Here $$\eta$$ is a set of parameters corresponding to inference neural networks, which we do not describe in detail here, but are described in the totalVI paper. totalVI can also handle missing proteins (i.e., a dataset comprised of multiple batches, where each batch potentially has a different antibody panel, or no protein data at all). We refer the reader to the original publication for these details.

### Dimensionality reduction#

For dimensionality reduction, we by default return the mean of the approximate posterior $$q_\eta(z_n \mid x_n, y_n,s_n)$$. This is achieved using the method:

>>> latent = model.get_latent_representation()


Users may also return samples from this distribution, as opposed to the mean by passing the argument give_mean=False. The latent representation can be used to create a nearest neighbor graph with scanpy with:

>>> import scanpy as sc


### Normalization and denoising of RNA and protein expression#

In get_normalized_expression() totalVI returns, for RNA, the expected value of $$l_n\rho_n$$ under the approximate posterior, and for proteins, the expected value of $$(1 − \pi_{nt})\beta_{nt}\alpha_n$$. For one cell $$n$$, in the case of RNA, this can be written as:

\begin{align} \mathbb{E}_{q_\eta(z_n \mid x_n, y_n,s_n)}\left[l_n'f_\rho\left( z_n, s_n \right) \right], \end{align}

where $$l_n'$$ is by default set to 1. See the library_size parameter for more details. The expectation is approximated using Monte Carlo, and the number of samples can be passed as an argument in the code:

>>> rna, protein = model.get_normalized_expression(n_samples=10)


By default the mean over these samples is returned, but users may pass return_mean=False to retrieve all the samples.
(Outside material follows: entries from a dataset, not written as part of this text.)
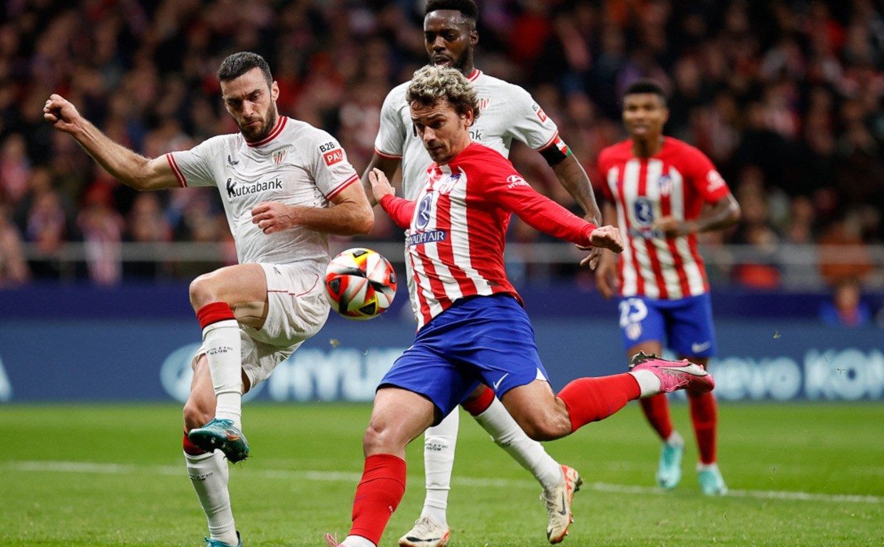 No echaban de menos los ‘leones’ a Nico Williams, ausente por lesión, ya que sus rivales carecían de brillantez. A la izquierda volcaban los del ‘Cholo’ sus intentonas, con Memphis combinando con Samu Lino, sin que en el lado contrario apareciese Nahuel Molina. El damnificado seguía siendo Griezmann, que poco antes del descanso mandó fuera un tiro raso.
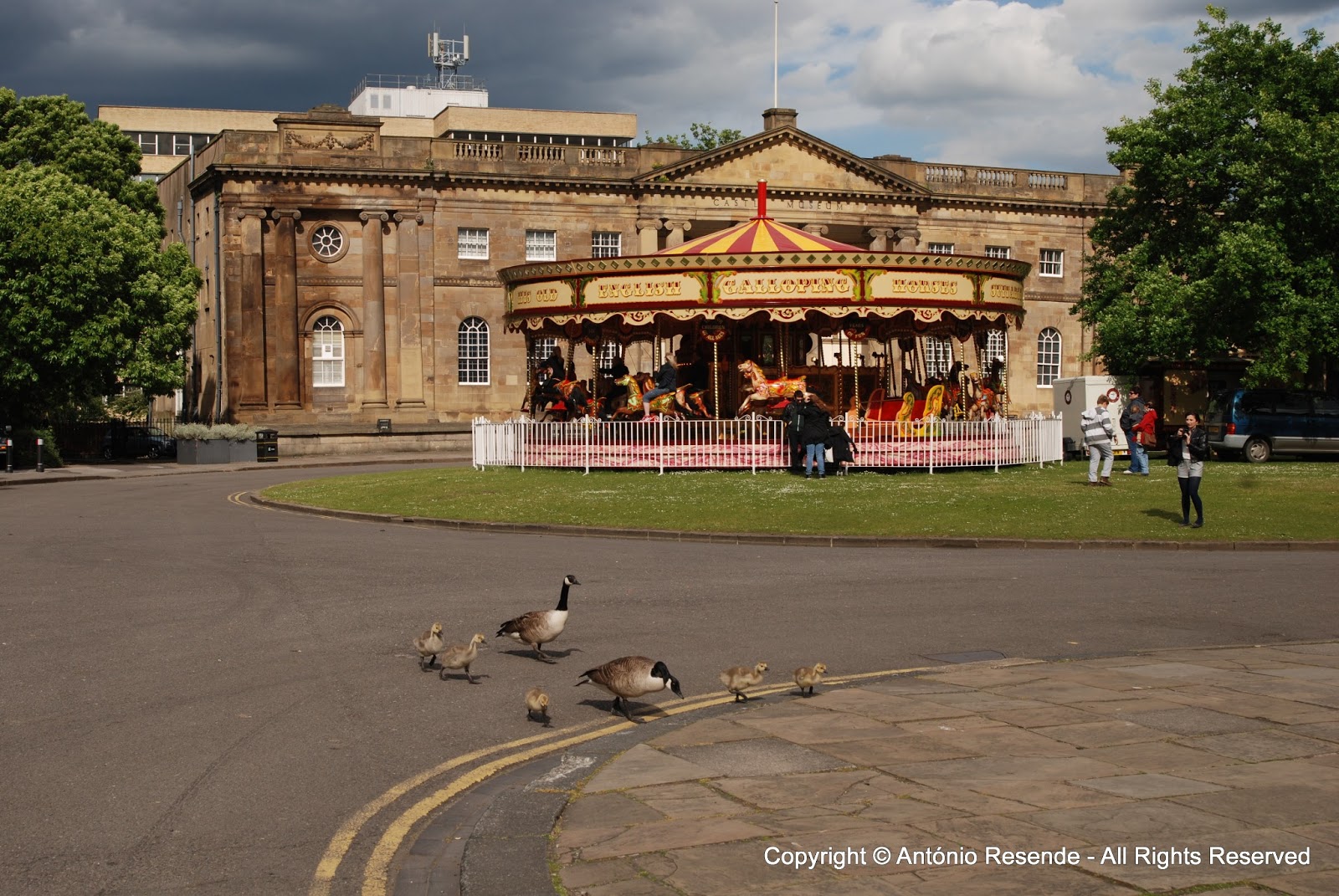 A uns quatro km de York, o trânsito fez-se no ‘pára arranca’ ou não fora sábado e os automóveis invadiam a cidade onde o estacionamento tem inúmeras alternativas ainda que pagas.
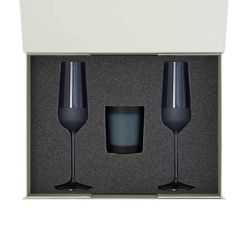 Подарочный набор свеча Энигма (Enigma) + 2 бокала для шампанского Сапфир (Sapphire) в серой коробке
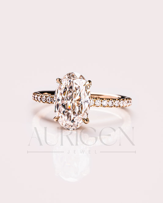 Brilliant Oval Cut Moissanite & Leb Grown Ring 4-Prong With Hidden Halo Diamond Ring
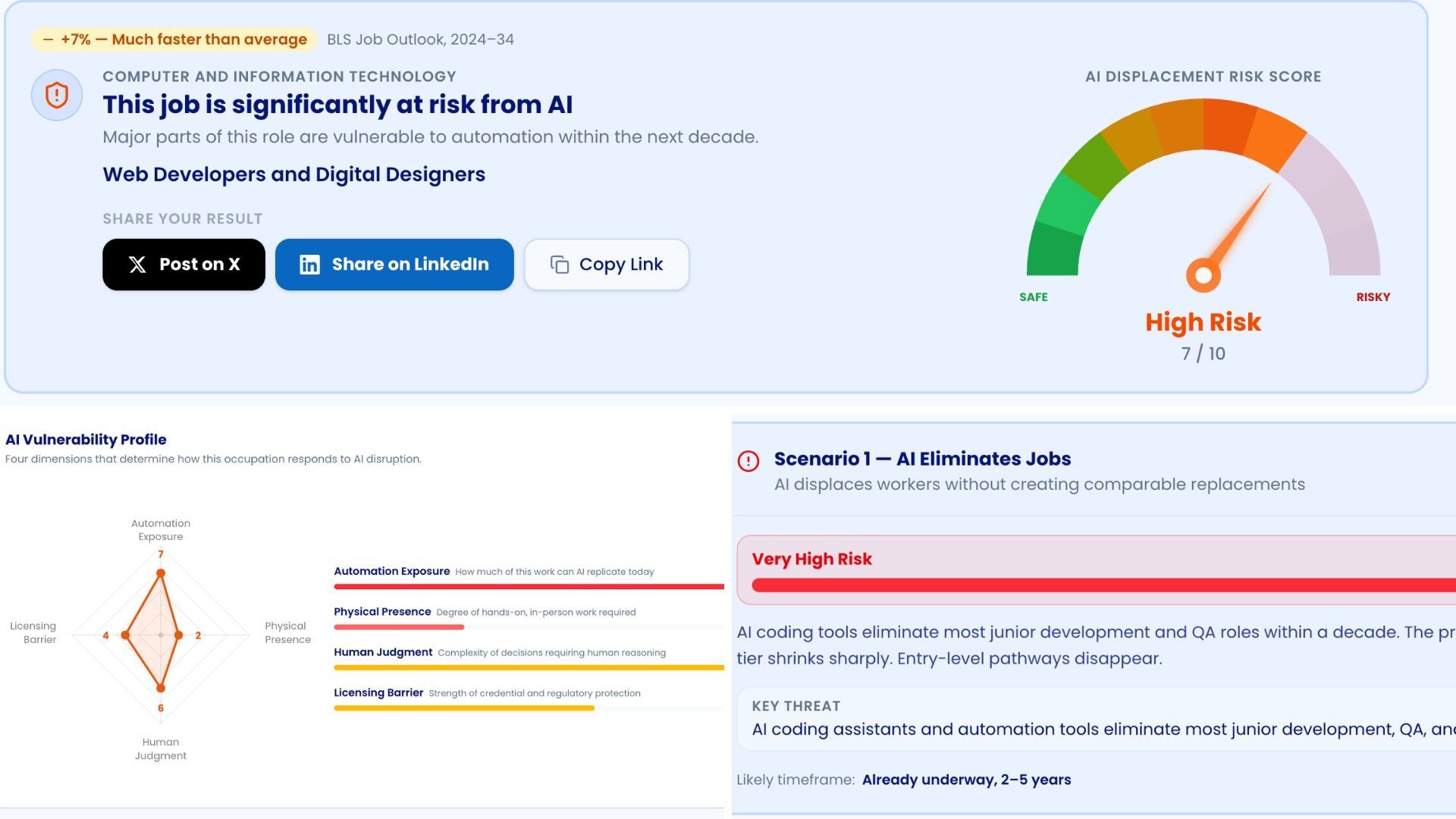 We explored a version of this in Chapter #61, when the Anthropic Economic Index showed that AI goes after the high-skill tasks first, like research, analysis, planning, and not the grunt work. This tool gives you the next layer with your specific occupation, your specific exposure, across all three possible futures.
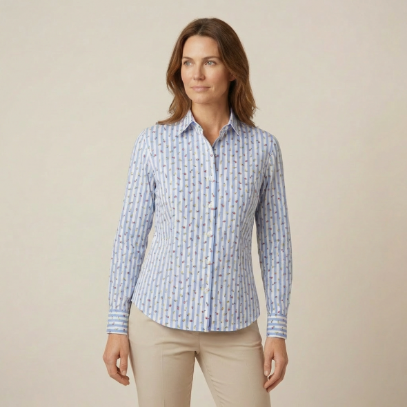 • CHEMISIER FEMME LADY RAYURES BLEU CIEL ET FLEURS

In the case of proteins, there are a few important options that control what constitues denoised protein expression. For example, include_protein_background=True will result in estimating the expectation of $$(1 − \pi_{nt})\beta_{nt}\alpha_{nt} + \pi_{nt}\beta_{nt}$$. Setting sampling_protein_mixing=True will result in sampling $$v_{nt} \sim \textrm{Bernoulli}(\pi_{nt})$$ and replacing $$\pi_{nt}$$ with $$v_{nt}$$.

Notably, this function also has the transform_batch parameter that allows counterfactual prediction of expression in an unobserved batch. See the Counterfactual prediction guide.
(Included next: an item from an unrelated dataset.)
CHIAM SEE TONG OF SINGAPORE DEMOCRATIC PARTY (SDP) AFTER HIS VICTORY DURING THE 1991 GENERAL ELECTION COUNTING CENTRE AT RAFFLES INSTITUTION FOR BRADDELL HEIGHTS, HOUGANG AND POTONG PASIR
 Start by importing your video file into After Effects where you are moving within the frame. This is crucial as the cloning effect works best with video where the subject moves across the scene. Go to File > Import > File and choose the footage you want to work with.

### Differential expression#

Differential expression analysis is achieved with differential_expression(). totalVI tests differences in magnitude of $$f_\rho\left( z_n, s_n \right)$$ for RNA, and $$(1 − \pi_{nt})\beta_{nt}\alpha_{nt}$$ with similar options to change this quantity as in the normalized expression function. More info on the mathematics behind differential expression is in Differential Expression.

### Data simulation#

Data can be generated from the model using the posterior predictive distribution in posterior_predictive_sample(). This is equivalent to feeding a cell through the model, sampling from the posterior distributions of the latent variables, retrieving the likelihood parameters, and finally, sampling from this distribution.